(Records from a collection)
========
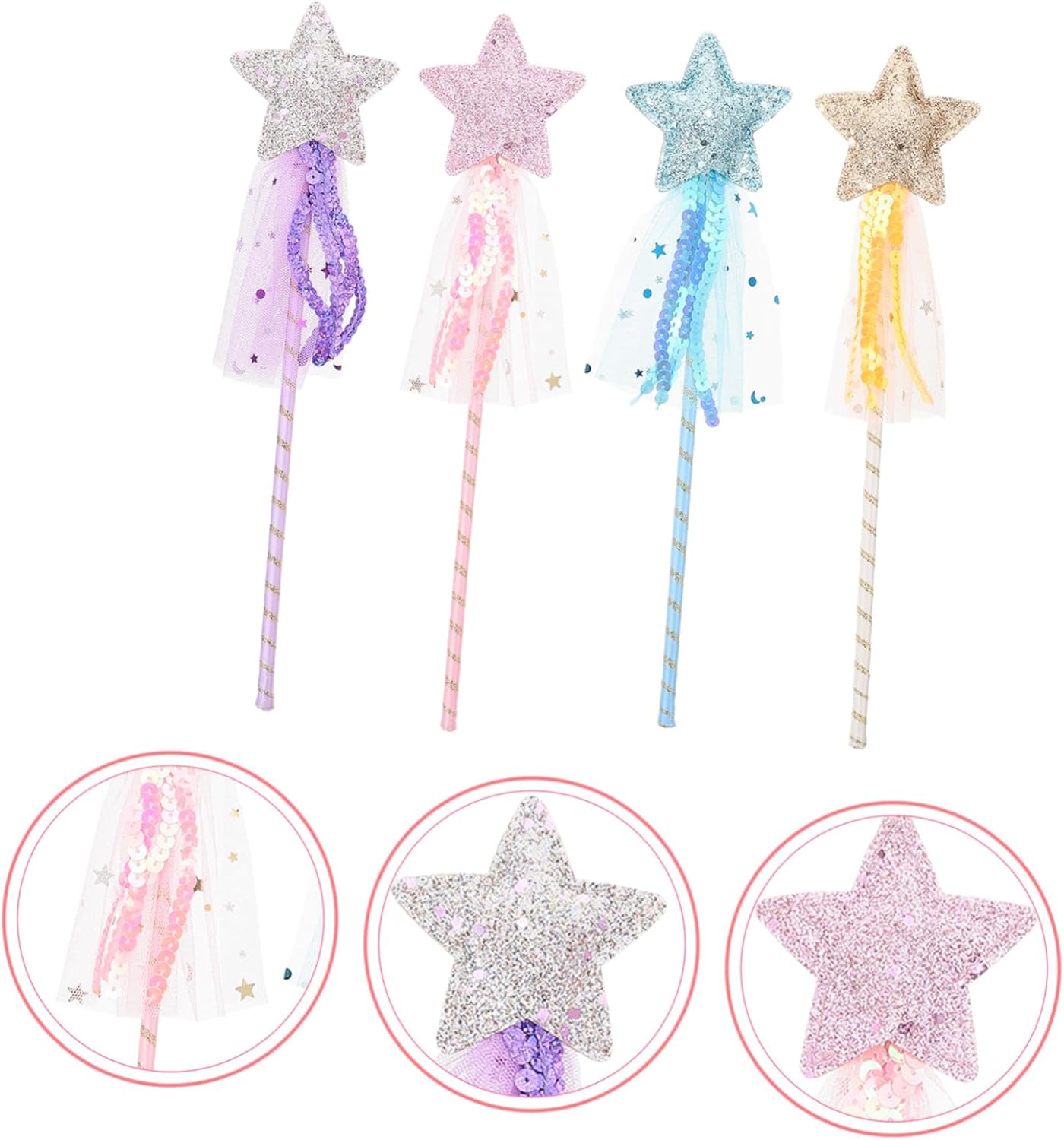 Bacchetta magica: è una bacchetta magica molto comoda e facile da usare. Giocattolo bacchetta magica colorata: la bacchetta magica a stella creativa si abbina bene ai vestiti del tuo bambino e fa sembrare il tuo bambino più bello, giocattolo bacchetta magica Bacchette magiche: bacchetta magica a forma di stella, rendila più affascinante e accattivante, bacchette magiche Bacchette magiche da principessa: cinque design unici, unici e creativi, possono dare a tuo figlio un'atmosfera più fiabesca, bacchetta magica per ragazze. concerti, balli, feste e fotografie, bacchetta magica delle stelle per ragazze
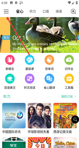 1、四冊新概念英語完整課程體系搭載智能分句跟讀技術,實時評測發音準確度并生成改進建議。
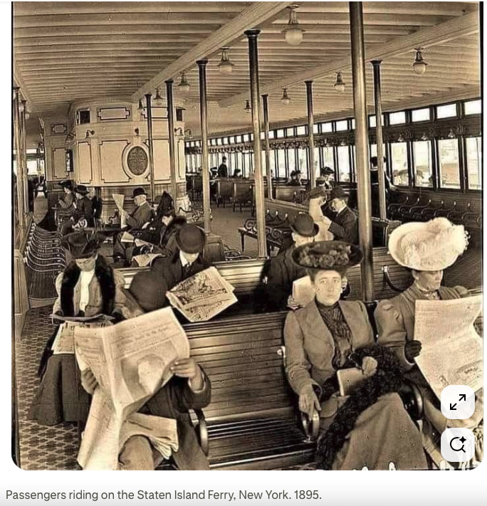 Hats for everybody. Furs. Spaces between groups as has always been common. Ladies don’t seem to be traveling alone. Couldn’t make out what was on the newspaper. Just trivial scanning. Notice anything else?
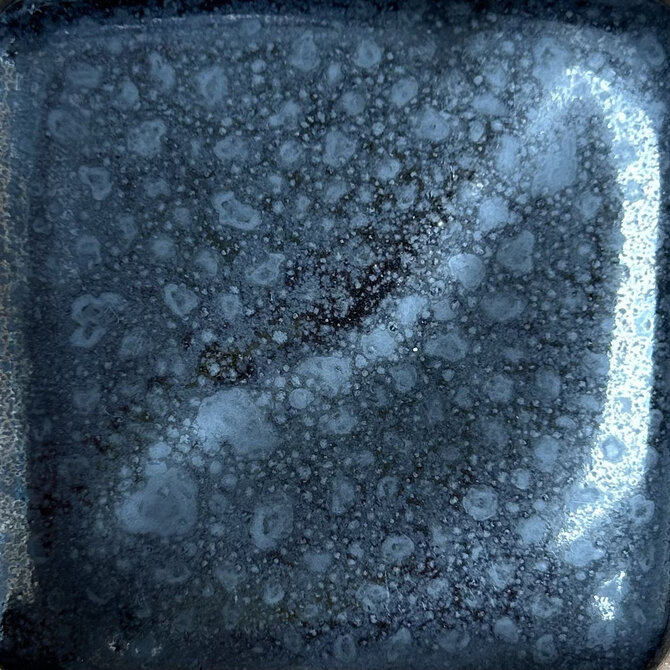 The 674T Floating Blue is a high gloss glaze that is a deep blue with beautiful floating specks where it is applied thick or where the glaze pools, and breaks a lighter blue colour on rims and edges. This glaze is foodware safe.
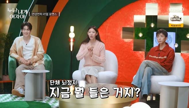 3일 방송된 KBS2 '누난 내게 여자야'(이하 '누내여') 2회에서는 한혜진, 황우슬혜, 장우영, 투바투(투모로우바이투게더) 수빈이 출연했다.
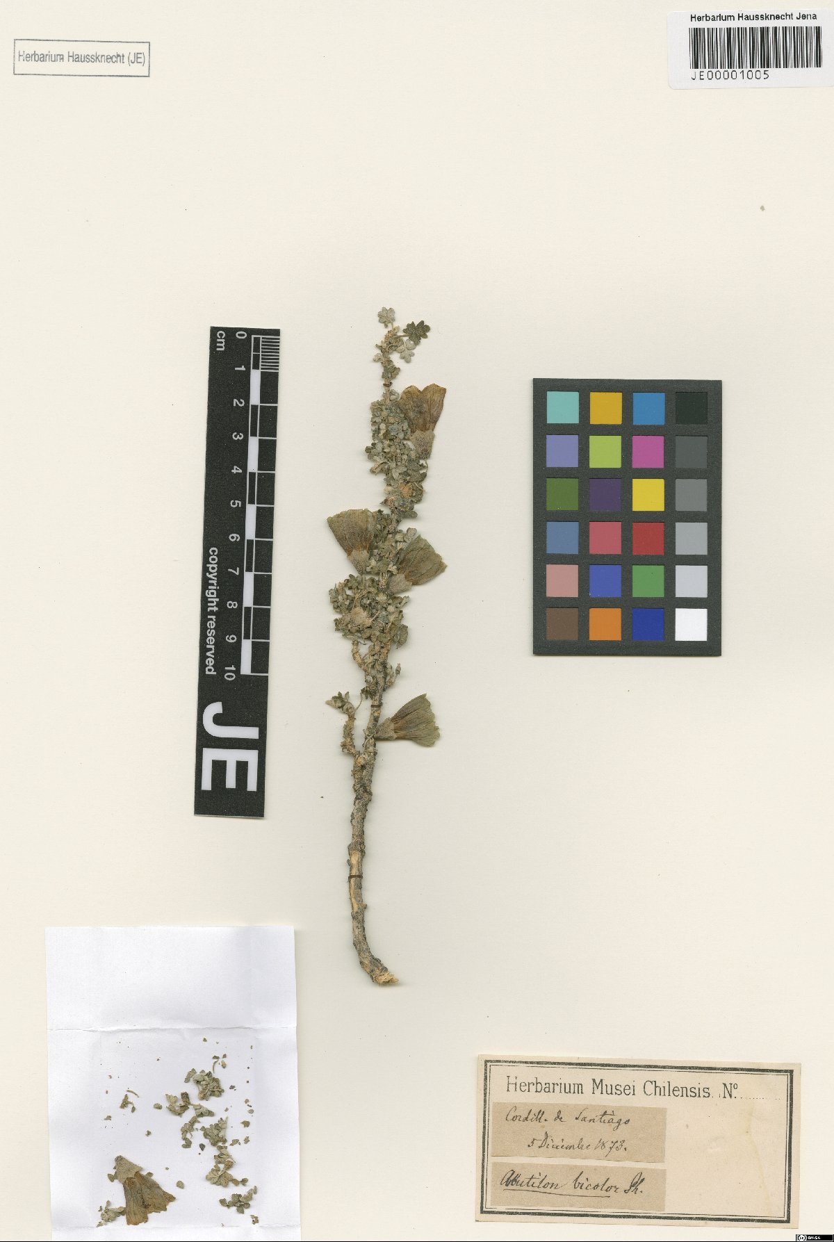 | https://je.jacq.org/JE00001005 | Abutilon bicolor Phil. ex K. Schum. |
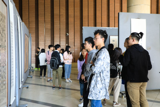 開幕式后,師生移步展區(qū),認真細致地參觀學生書法作品。
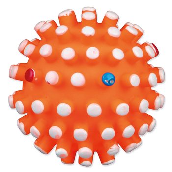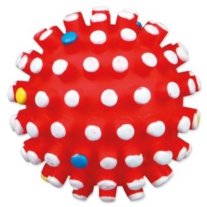 Hračka míček s bodlinami se zvukem pro psy. Tato hračka zabaví psa na dlouhou dobu. Míček je vyrobený z vinylu. Zvuk hračky bude psa neustále lákat ke hře. Bodlinky masírují dásně psa.
========
Copy every entry above exactly as it stands, but leave the pictures out.

Solution below
 Bacchetta magica: è una bacchetta magica molto comoda e facile da usare. Giocattolo bacchetta magica colorata: la bacchetta magica a stella creativa si abbina bene ai vestiti del tuo bambino e fa sembrare il tuo bambino più bello, giocattolo bacchetta magica Bacchette magiche: bacchetta magica a forma di stella, rendila più affascinante e accattivante, bacchette magiche Bacchette magiche da principessa: cinque design unici, unici e creativi, possono dare a tuo figlio un'atmosfera più fiabesca, bacchetta magica per ragazze. concerti, balli, feste e fotografie, bacchetta magica delle stelle per ragazze
 1、四冊新概念英語完整課程體系搭載智能分句跟讀技術,實時評測發音準確度并生成改進建議。
 Hats for everybody. Furs. Spaces between groups as has always been common. Ladies don’t seem to be traveling alone. Couldn’t make out what was on the newspaper. Just trivial scanning. Notice anything else?
 The 674T Floating Blue is a high gloss glaze that is a deep blue with beautiful floating specks where it is applied thick or where the glaze pools, and breaks a lighter blue colour on rims and edges. This glaze is foodware safe.
 3일 방송된 KBS2 '누난 내게 여자야'(이하 '누내여') 2회에서는 한혜진, 황우슬혜, 장우영, 투바투(투모로우바이투게더) 수빈이 출연했다.
 | https://je.jacq.org/JE00001005 | Abutilon bicolor Phil. ex K. Schum. |
 開幕式后,師生移步展區(qū),認真細致地參觀學生書法作品。
 Hračka míček s bodlinami se zvukem pro psy. Tato hračka zabaví psa na dlouhou dobu. Míček je vyrobený z vinylu. Zvuk hračky bude psa neustále lákat ke hře. Bodlinky masírují dásně psa.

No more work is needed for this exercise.